Bundesweit legen Kommunen Sparprogramme auf. Bundesregierung verschärft den Kahlschlag

Kürzen, bevor es andere tun

In den deutschen Städten und Gemeinden regiert der Rotstift. Betroffen sind nicht nur die großen Städte, sondern auch kleinere Gemeinden. Zum Beispiel im nordrhein-westfälischen Rietberg. In der Stadt mit 29.000 Einwohnern haben Bürgermeister und Verwaltungsvorstand rund 100 Kürzungsmaßnahmen ausgearbeitet, um im kommenden Jahr mindestens 2,5 Millionen Euro zu sparen. Insgesamt fehlen rund 9 Millionen Euro im Stadtsäckel.

In der dazugehörigen Pressemitteilung wimmelt es nur so von „herausfordernden Zeiten“ und „schmerzhaften Einschnitten“. „Das betrifft uns als Verwaltung ebenso, wie alle Bürgerinnen und Bürger, unsere Infrastruktur und beispielsweise auch die Vereine“, lässt sich Bürgermeister Andreas Sunder (FWG) zitieren. In der Auflistung der Leidtragenden fehlt die explizite Nennung der Schülerinnen und Schüler. Nach den Vorschlägen der Stadtverwaltung soll die Schülerbeförderung mit dem Bus künftig erst ab einem Schulweg von fünf Kilometern (statt bisher 3,5) erfolgen, die Beiträge für die Nachmittagsbetreuung in der Offenen Ganztagsschule sollen steigen, eine Stelle in der Schulsozialarbeit gestrichen und die Reinigungsleistungen reduziert werden.

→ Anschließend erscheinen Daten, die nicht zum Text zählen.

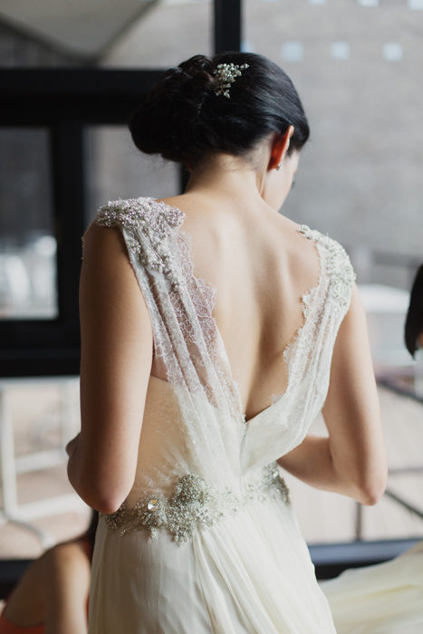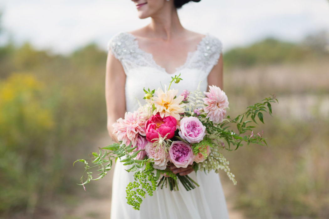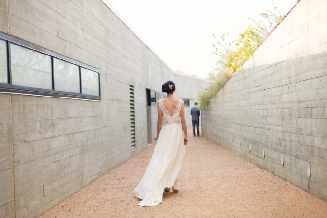 The real beauty of the design was its simplicity. Nothing surpassed the beauty of the bride in her Nardos Imam gown; the sincerity of the officiant who spoke on the universal themes of friendship and love; or the good humor of the bride’s father, who played the guitar and sang “Fools Rush In.”
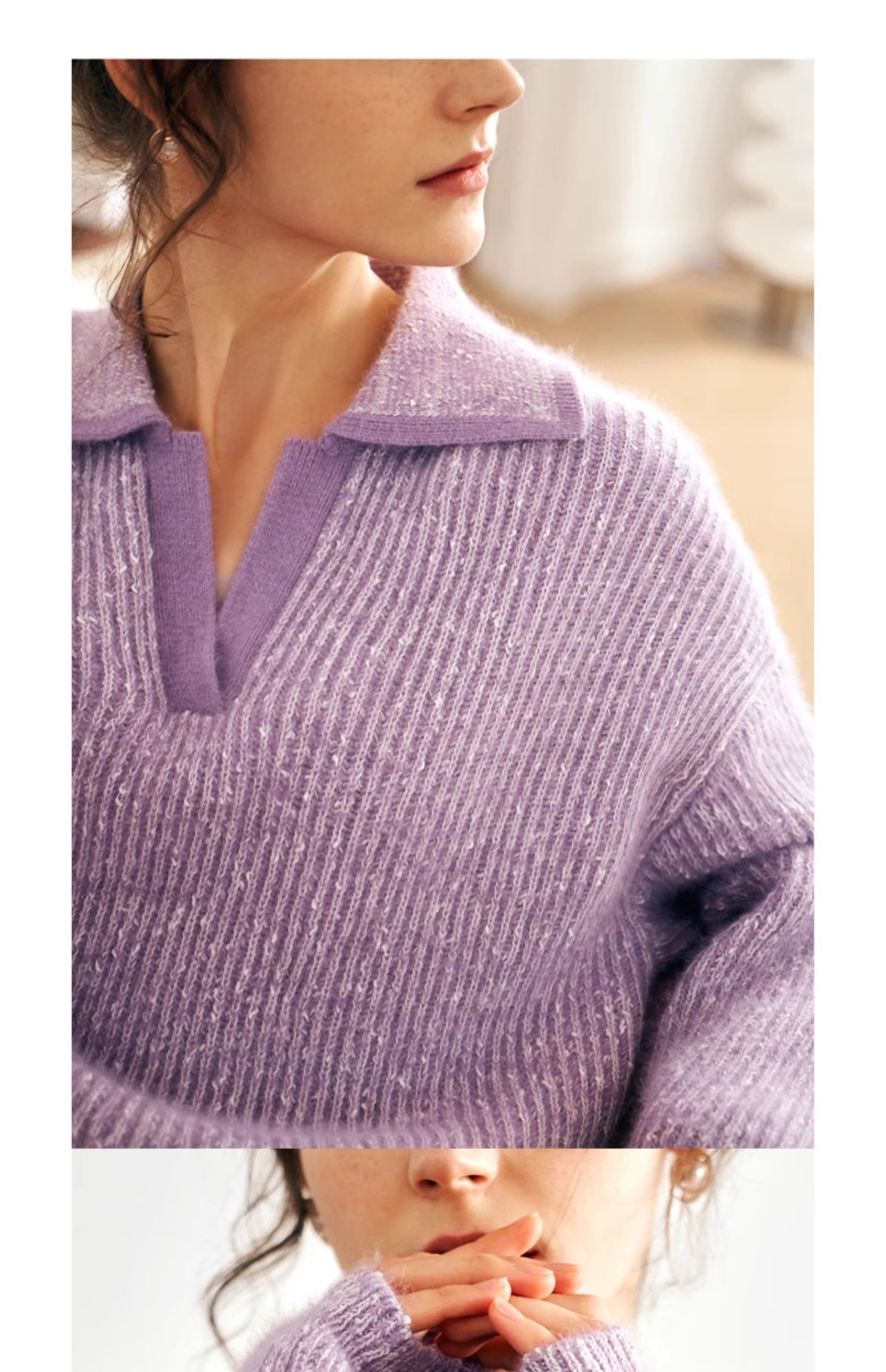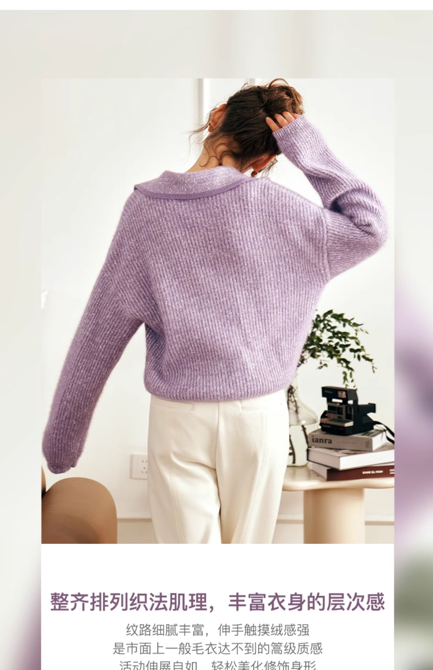 OLrain欧芮儿法式v领毛衣女秋冬2023新款撞色显瘦慵懒风套头上衣
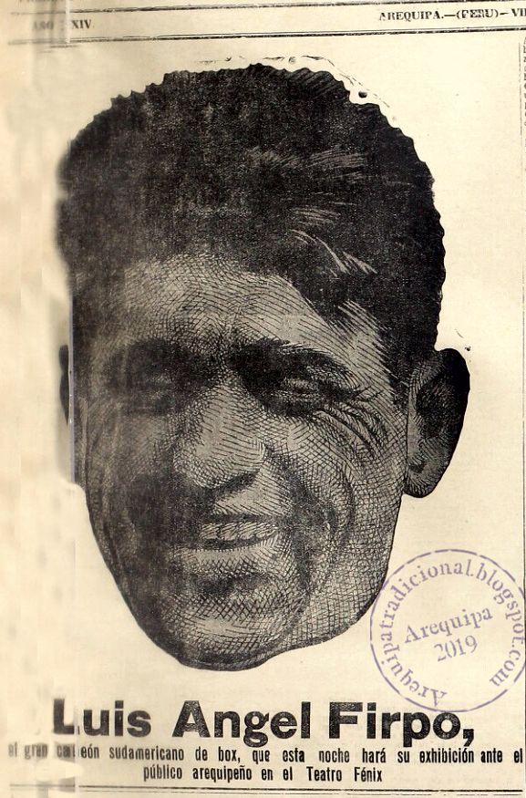 Luis Ángel Firpo (October 11, 1894 - August 7, 1960) was an Argentine boxer.Born in Junín, Argentina, he was nicknamed The Wild Bull of the Pampas. He was the first Latin American in history to challenge for the world heavyweight title. His bout against Jess Willard set a world record for boxing attendance at the time. His 1923 heavyweight title fight against Jack Dempsey was named Ring.

Das erklärte Ziel des Sparprogramms ist es, ein Haushaltssicherungskonzept – also die Einmischung der Kommunalaufsicht in die finanziellen Angelegenheiten der Stadt – zu vermeiden. „Bislang haben die gewählten Ratsvertreterinnen und -vertreter in Rietberg das Heft des Handelns noch selbst in der Hand. Und das wollen sie auch nicht abgeben“, heißt es in der Pressemitteilung der Stadt. Selber kürzen, ist die Devise, bevor es andere tun. Die kommunale „Herzkammer der Demokratie“ wählt tapfer zwischen Pest und Cholera.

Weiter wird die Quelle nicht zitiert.